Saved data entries
· · · · · · ·

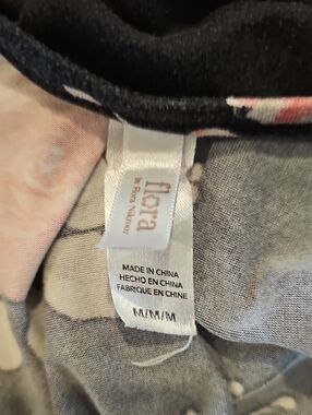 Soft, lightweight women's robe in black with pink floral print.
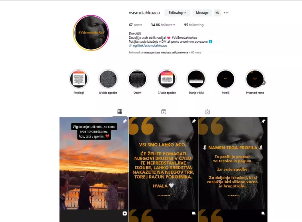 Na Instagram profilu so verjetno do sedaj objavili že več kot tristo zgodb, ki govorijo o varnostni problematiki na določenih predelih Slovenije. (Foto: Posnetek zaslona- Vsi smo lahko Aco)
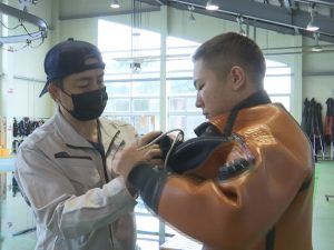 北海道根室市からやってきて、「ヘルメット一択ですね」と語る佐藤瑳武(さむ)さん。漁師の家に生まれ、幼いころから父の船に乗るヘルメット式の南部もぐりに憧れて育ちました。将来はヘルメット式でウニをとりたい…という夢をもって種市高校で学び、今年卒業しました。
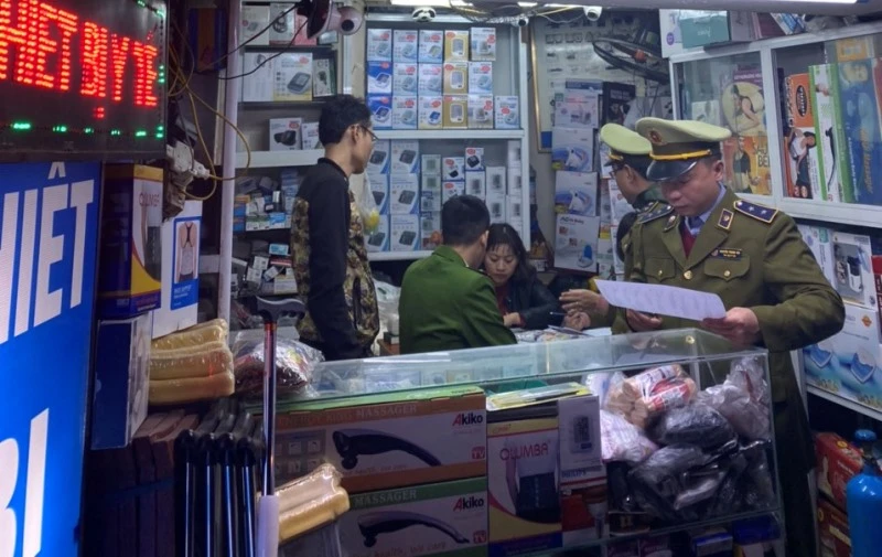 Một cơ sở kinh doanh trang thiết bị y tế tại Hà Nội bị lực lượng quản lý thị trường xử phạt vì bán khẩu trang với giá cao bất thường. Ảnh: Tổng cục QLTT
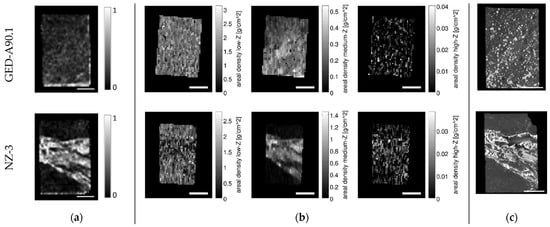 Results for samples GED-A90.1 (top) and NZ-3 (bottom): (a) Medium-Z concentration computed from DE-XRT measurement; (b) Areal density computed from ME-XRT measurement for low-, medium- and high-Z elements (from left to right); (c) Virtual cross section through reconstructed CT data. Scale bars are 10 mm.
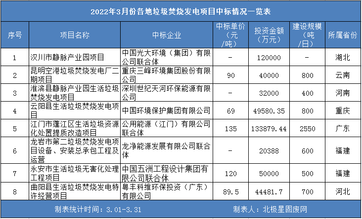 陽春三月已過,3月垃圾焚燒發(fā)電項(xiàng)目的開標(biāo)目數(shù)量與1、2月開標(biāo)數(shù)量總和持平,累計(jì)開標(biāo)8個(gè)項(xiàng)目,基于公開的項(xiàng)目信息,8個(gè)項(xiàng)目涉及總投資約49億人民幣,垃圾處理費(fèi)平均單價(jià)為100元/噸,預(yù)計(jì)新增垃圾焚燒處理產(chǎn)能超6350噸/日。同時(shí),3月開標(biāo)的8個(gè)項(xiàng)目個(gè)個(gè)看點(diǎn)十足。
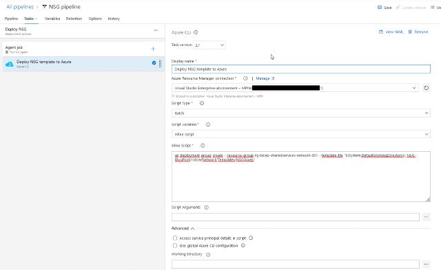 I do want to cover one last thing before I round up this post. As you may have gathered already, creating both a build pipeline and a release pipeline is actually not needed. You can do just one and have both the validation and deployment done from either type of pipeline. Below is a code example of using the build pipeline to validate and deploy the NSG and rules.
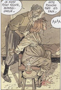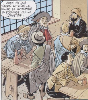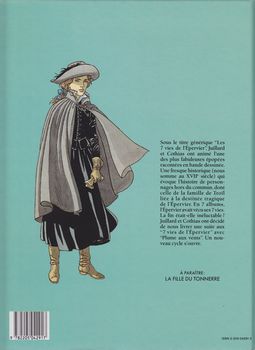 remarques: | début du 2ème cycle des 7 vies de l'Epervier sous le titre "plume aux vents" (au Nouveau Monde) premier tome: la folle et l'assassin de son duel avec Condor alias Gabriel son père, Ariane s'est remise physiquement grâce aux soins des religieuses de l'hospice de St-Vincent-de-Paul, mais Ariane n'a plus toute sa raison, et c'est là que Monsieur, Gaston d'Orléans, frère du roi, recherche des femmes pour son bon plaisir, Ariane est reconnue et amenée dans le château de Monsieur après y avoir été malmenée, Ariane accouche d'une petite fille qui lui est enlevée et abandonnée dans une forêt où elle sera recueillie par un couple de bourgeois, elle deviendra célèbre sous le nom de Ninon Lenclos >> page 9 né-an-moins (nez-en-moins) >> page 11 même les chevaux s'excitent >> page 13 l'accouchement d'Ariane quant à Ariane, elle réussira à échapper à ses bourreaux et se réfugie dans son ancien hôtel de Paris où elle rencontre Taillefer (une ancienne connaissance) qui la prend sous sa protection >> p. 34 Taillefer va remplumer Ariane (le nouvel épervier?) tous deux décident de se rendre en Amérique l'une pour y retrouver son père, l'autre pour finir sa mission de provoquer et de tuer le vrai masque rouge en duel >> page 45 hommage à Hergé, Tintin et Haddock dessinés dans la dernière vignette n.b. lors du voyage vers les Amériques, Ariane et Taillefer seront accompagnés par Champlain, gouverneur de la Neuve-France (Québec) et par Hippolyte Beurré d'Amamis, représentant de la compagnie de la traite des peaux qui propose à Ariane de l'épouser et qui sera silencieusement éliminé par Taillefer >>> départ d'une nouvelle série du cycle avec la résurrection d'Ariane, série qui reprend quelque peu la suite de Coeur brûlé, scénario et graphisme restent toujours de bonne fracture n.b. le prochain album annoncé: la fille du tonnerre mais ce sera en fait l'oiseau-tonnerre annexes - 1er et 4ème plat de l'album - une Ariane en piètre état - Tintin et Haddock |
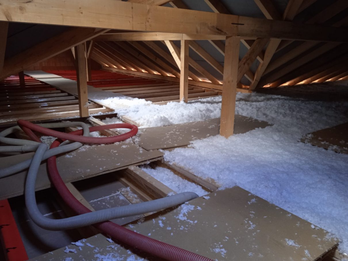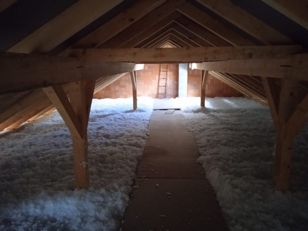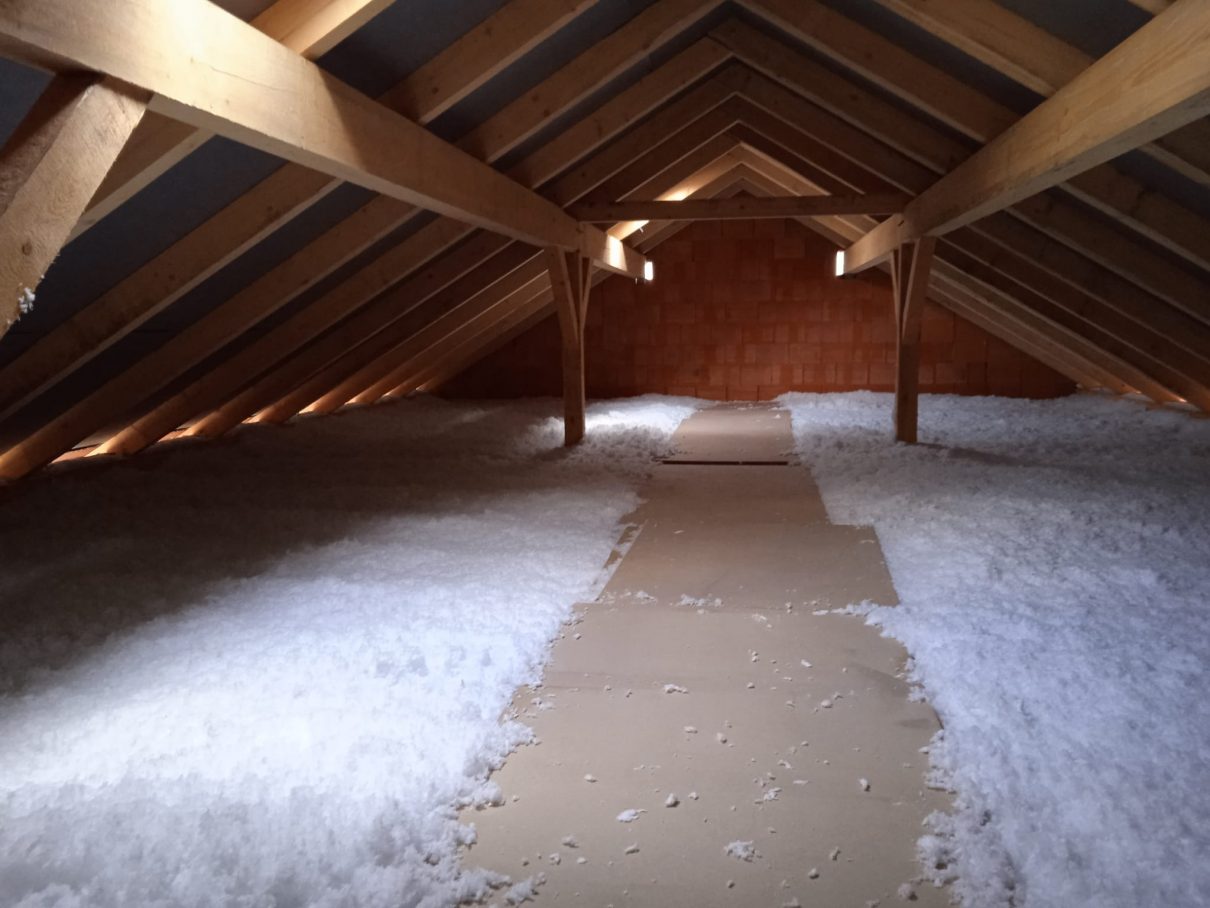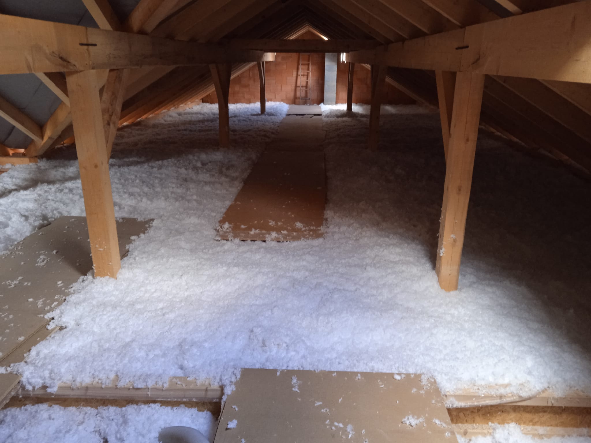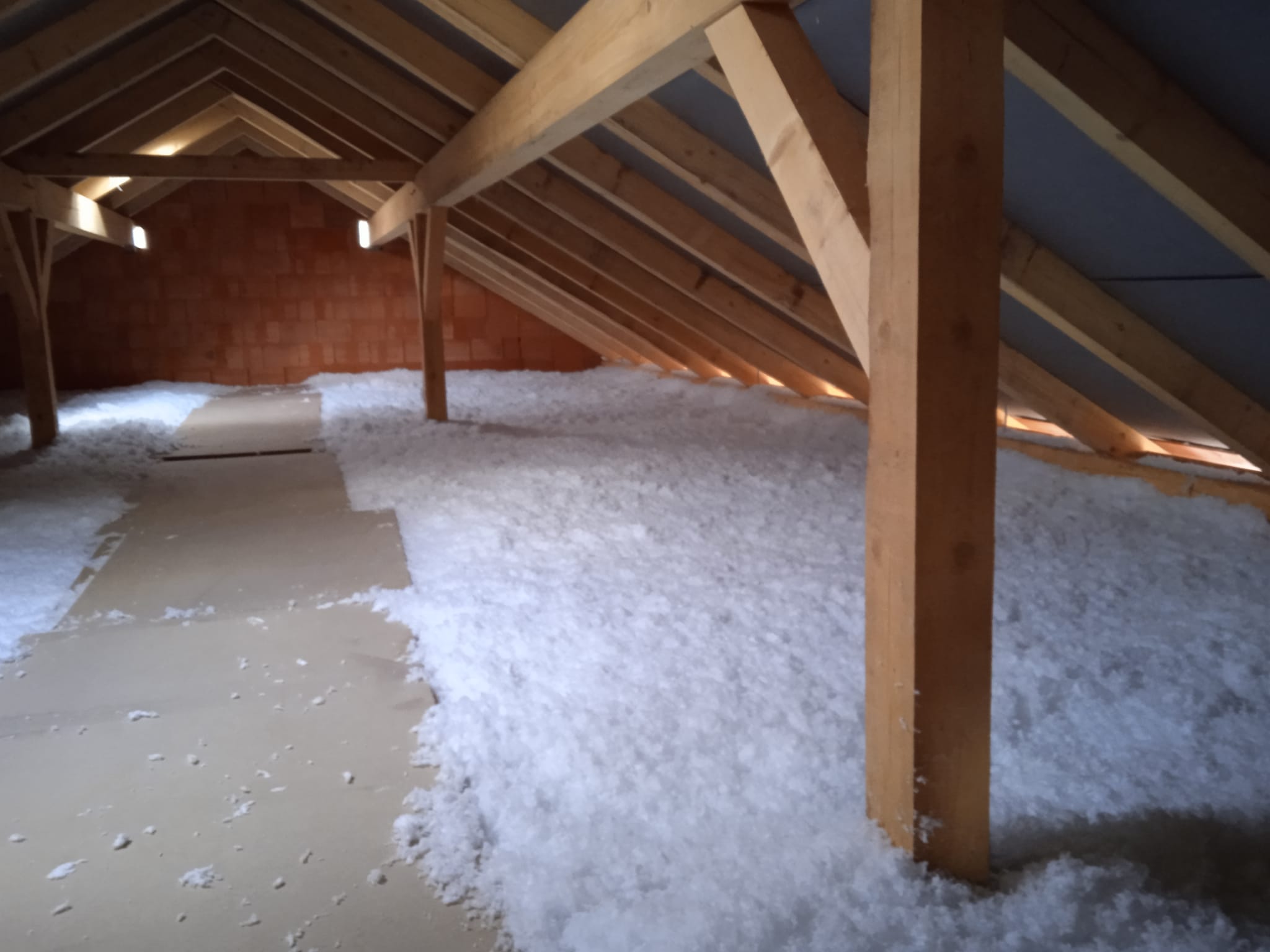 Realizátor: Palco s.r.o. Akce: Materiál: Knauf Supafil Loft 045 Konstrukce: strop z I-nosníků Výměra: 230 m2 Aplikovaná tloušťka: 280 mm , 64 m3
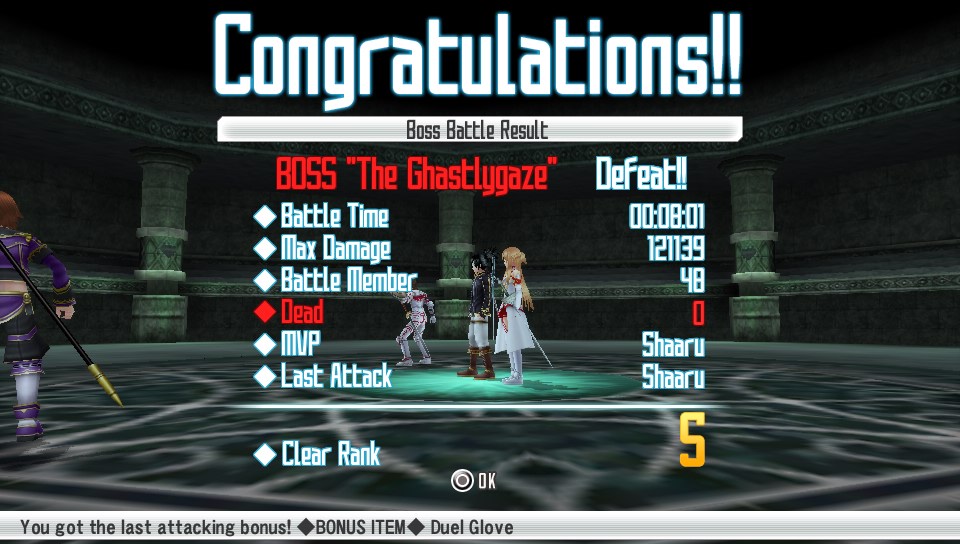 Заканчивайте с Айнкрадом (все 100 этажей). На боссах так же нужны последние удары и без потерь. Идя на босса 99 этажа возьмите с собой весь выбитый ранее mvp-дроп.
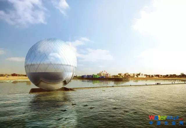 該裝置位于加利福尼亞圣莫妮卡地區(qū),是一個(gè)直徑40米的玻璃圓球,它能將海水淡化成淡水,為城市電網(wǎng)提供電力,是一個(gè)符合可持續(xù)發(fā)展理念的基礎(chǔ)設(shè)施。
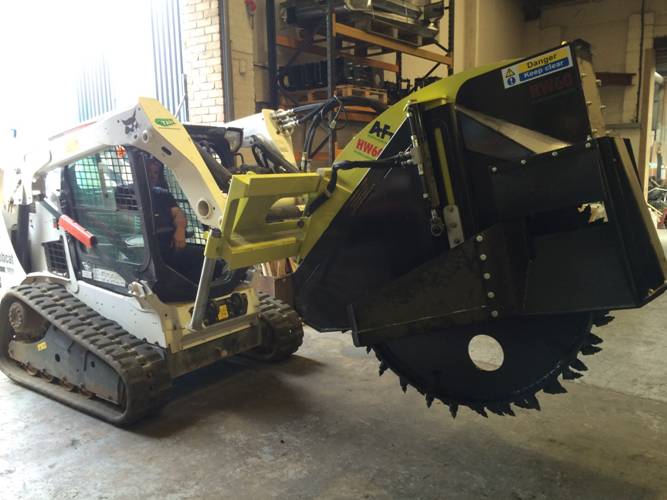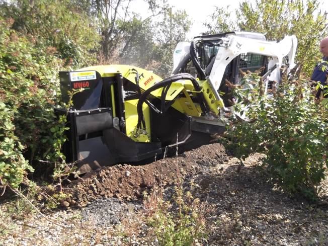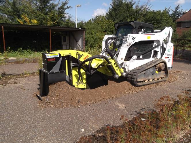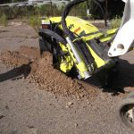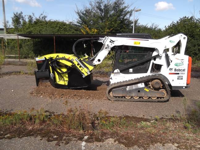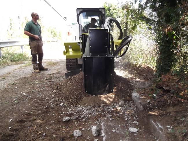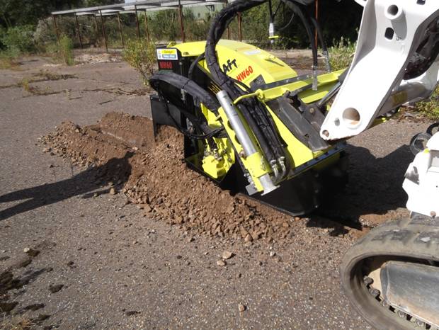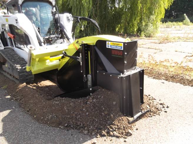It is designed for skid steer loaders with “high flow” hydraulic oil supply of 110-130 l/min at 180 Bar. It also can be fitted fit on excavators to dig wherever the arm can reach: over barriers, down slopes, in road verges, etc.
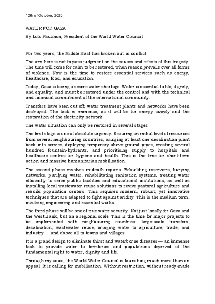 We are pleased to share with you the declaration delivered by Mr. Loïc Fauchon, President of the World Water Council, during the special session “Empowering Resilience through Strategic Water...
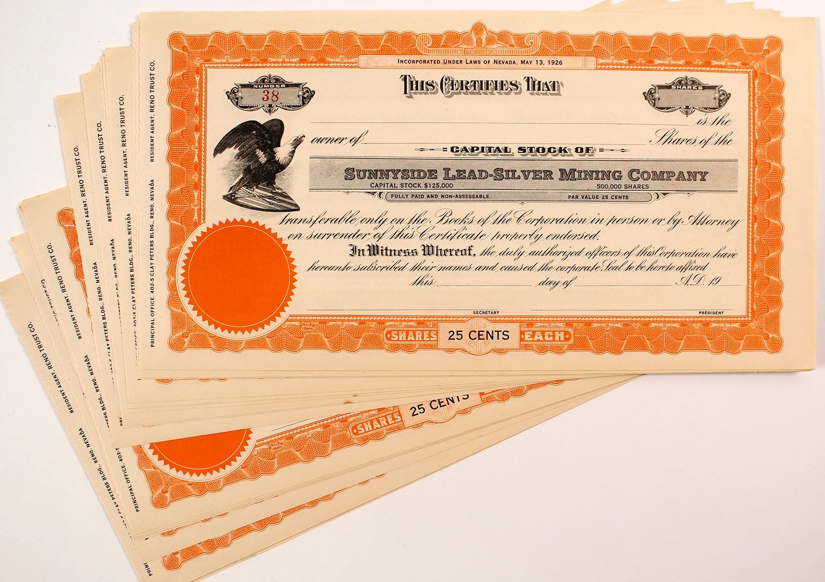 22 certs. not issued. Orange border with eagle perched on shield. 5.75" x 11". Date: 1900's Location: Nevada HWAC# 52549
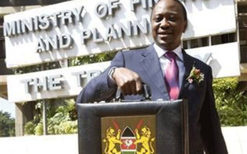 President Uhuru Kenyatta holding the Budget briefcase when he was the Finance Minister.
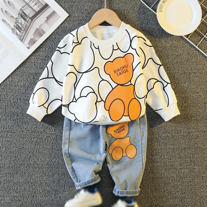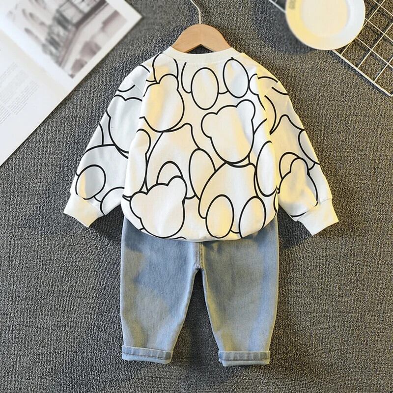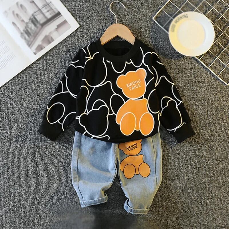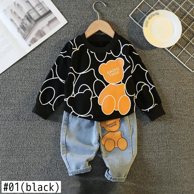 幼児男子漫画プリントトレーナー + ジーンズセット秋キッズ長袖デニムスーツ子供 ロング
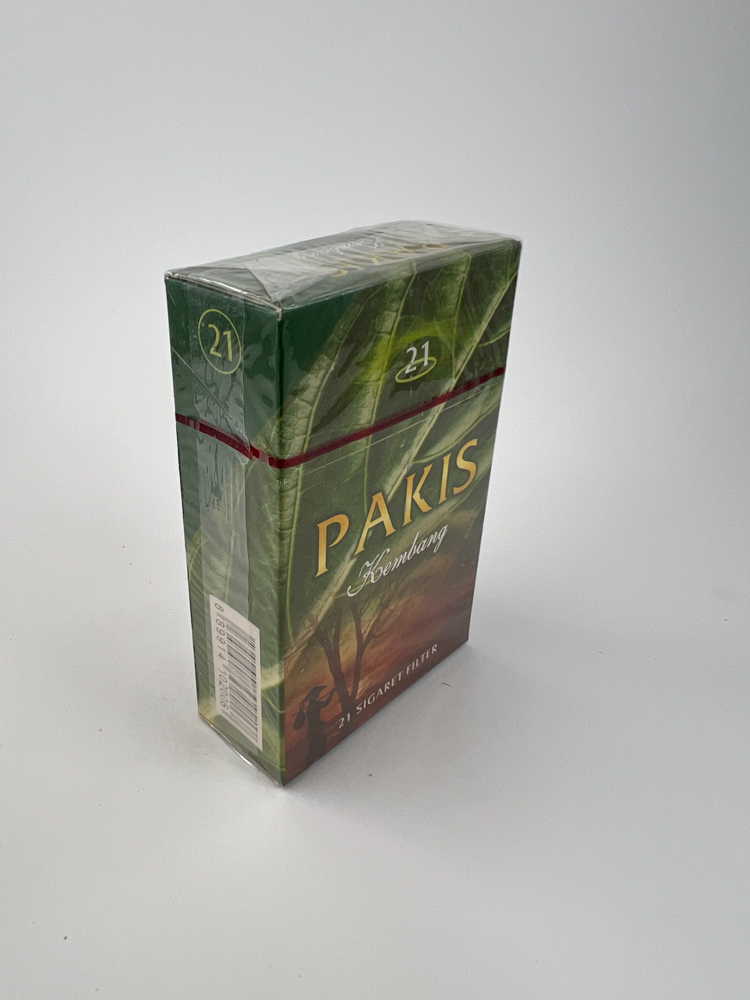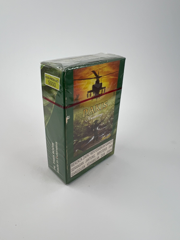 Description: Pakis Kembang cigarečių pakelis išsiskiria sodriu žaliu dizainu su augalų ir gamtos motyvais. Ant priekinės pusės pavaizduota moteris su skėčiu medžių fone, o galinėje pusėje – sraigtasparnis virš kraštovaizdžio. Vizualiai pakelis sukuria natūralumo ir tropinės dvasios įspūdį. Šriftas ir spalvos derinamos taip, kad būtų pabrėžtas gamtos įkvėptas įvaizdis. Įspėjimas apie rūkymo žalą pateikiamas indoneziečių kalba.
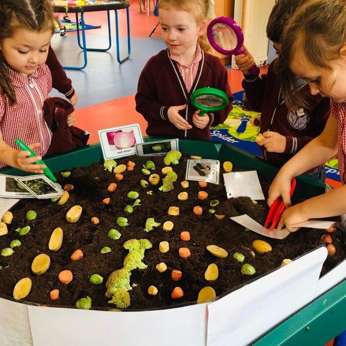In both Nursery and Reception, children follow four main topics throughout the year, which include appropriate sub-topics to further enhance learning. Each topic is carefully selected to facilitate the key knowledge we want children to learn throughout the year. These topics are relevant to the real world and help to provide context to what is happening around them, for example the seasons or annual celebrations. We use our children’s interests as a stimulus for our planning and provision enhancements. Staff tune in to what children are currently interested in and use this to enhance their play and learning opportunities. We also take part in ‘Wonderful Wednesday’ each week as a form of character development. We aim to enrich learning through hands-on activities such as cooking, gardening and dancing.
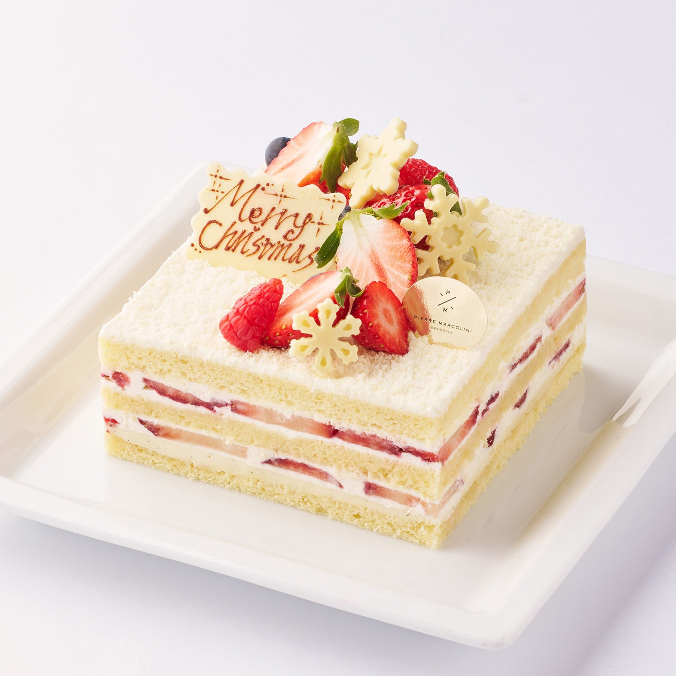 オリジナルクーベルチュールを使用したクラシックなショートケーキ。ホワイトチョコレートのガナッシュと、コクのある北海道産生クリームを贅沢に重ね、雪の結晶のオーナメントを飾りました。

· · · · · · ·

◆ What the exercise asks:
Write out again exactly the lines above from the one with "該裝置位于加利福尼亞圣莫妮卡" through the one with "President Uhuru Kenyatta", adding no other lines and no pictures.

◆ Task answer:
 該裝置位于加利福尼亞圣莫妮卡地區(qū),是一個(gè)直徑40米的玻璃圓球,它能將海水淡化成淡水,為城市電網(wǎng)提供電力,是一個(gè)符合可持續(xù)發(fā)展理念的基礎(chǔ)設(shè)施。
It is designed for skid steer loaders with “high flow” hydraulic oil supply of 110-130 l/min at 180 Bar. It also can be fitted fit on excavators to dig wherever the arm can reach: over barriers, down slopes, in road verges, etc.
 We are pleased to share with you the declaration delivered by Mr. Loïc Fauchon, President of the World Water Council, during the special session “Empowering Resilience through Strategic Water...
 22 certs. not issued. Orange border with eagle perched on shield. 5.75" x 11". Date: 1900's Location: Nevada HWAC# 52549
 President Uhuru Kenyatta holding the Budget briefcase when he was the Finance Minister.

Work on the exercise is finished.